Четыре джипа еще – мы здесь не одни. Красная стрелка зовет в “INDIAN ARMY”. Нам обещают “Complimentary HOT TEA”.

Молчаливый военный от лица армии угощает чаем забравшихся сюда путешественников. Его лицо защищает черная маска. Металлические стаканы сами моем в тазу, обязанность военного – управлять краном титана.

В стороне – на условной обочине – кузов автомобиля торчит из снега, стекол нет, правый борт вмерз в лед – кому-то сильно не повезло: начало прошедшей зимы застигло на перевале.

Большая палатка с красным крестом: “FREE MEDICAL AID”. Это правильно, это разумно. Кружится голова, едва не заплетаются ноги, вот и Люба говорит, что ее замутило как будто. Пожалуй, все-таки мы обойдемся без помощи военного фельдшера, просто не надо на этой высоте задерживаться.

Все в черных очках, у некоторых пол-лица закрыто шарфами до глаз. Это из тех джипов. Радостно фотографируются у вывески, обозначающей высоту в футах и метрах. Первых – 17586, вторых – 5360. Мать честная, мы выше пяти километров! А то я смотрю, снежные пики вдали – они ж на уровне глаз!

Таких высоченных дорожных перевалов больше нет нигде в мире.

Глазам не верю, говорит наш с тобою биограф, глядя на далекие вершины гор: мы ведь выше Казбека! (Словно Казбек в Гималаях…)

А Командор говорит: почти что Эльбрус. (Только мы в Гималаях, а он про Эльбрус…)

Тут еще храм – небольшой, причем индуистский. Размером, пожалуй, меньше троллейбуса… Трезубцы, символы Шивы, торчат из снега. Двери открыты, путь расчищен от снега: “JAI CHANGLA BABA BE KIND TO ALL RANKS AND FAMILIES”. Надо пройти под дугой с бронзовыми колокольчиками и подняться по разноцветным ступеням, их не больше десятка, но, честное слово, нету сил никаких. К тому ж там надо разуться. Наклониться – шнурки развязать? О, нет. Только не здесь. Но что же этот Чангла баба, он так и живет на перевале? Невероятно. Не может быть!

Ошметки облака ползут над нашими головами, задевая флаг над храмом и низкую крышу армейской постройки.

Пора уезжать. Спасибо за чай. Главное, чтобы водитель головой не поплыл, нам еще ехать и ехать. Нет, кажется, не плывет. Улыбается. Дело привычки. Лично я уже с трудом различаю дорогу. Плыву. Поздравляю себя: меня укачало.

Минуя заснеженную седловину, спускаемся вниз по другой стороне хребта. Щит на спуске предупреждает о сходе лавин. Наш водитель буддист. Его брата призвали в армию, ему служить пять лет. Неслабо! – Люба сказала. Командор со знанием дела, с видом стратега объясняет нам, дуракам, военное значение здешних дорог. Потеряй дорогу – потеряешь весь регион. Вот почему за дорогами, за их состоянием следит индийская армия.
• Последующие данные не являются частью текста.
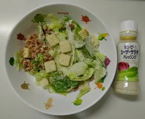 シーザーサラダを食べました 暑い時期にはドレッシングをたっぷりかけたシーザーサラダを食べたくなりますシーザーサラダドレッシングは奥深い味わいで大好きです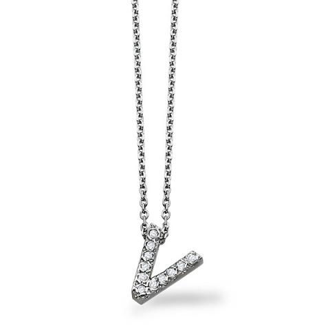 Diamond Block Initial "V" Necklace in 14k White Gold with 11 Diamonds weighing .08ct tw.

Горы меняют облик, становятся глаже, положе. Горы похожи теперь на стадо спящих слонов. Слоны стряхнули снег и уснули. Снег лишь на дальних вершинах.

Перед спуском в долину проверка документов. Расписываемся в каком-то журнале, это хорошо, что от нас ждут возвращения.

Несколько домиков, палатки, речка. У дороги – стадо овец. Каменистую поверхность пересекает тусклая зеленоватая полоска, на ней пасутся белые кони.

Теперь с гор как будто сняли толстую кожу, и мускулы обнажились.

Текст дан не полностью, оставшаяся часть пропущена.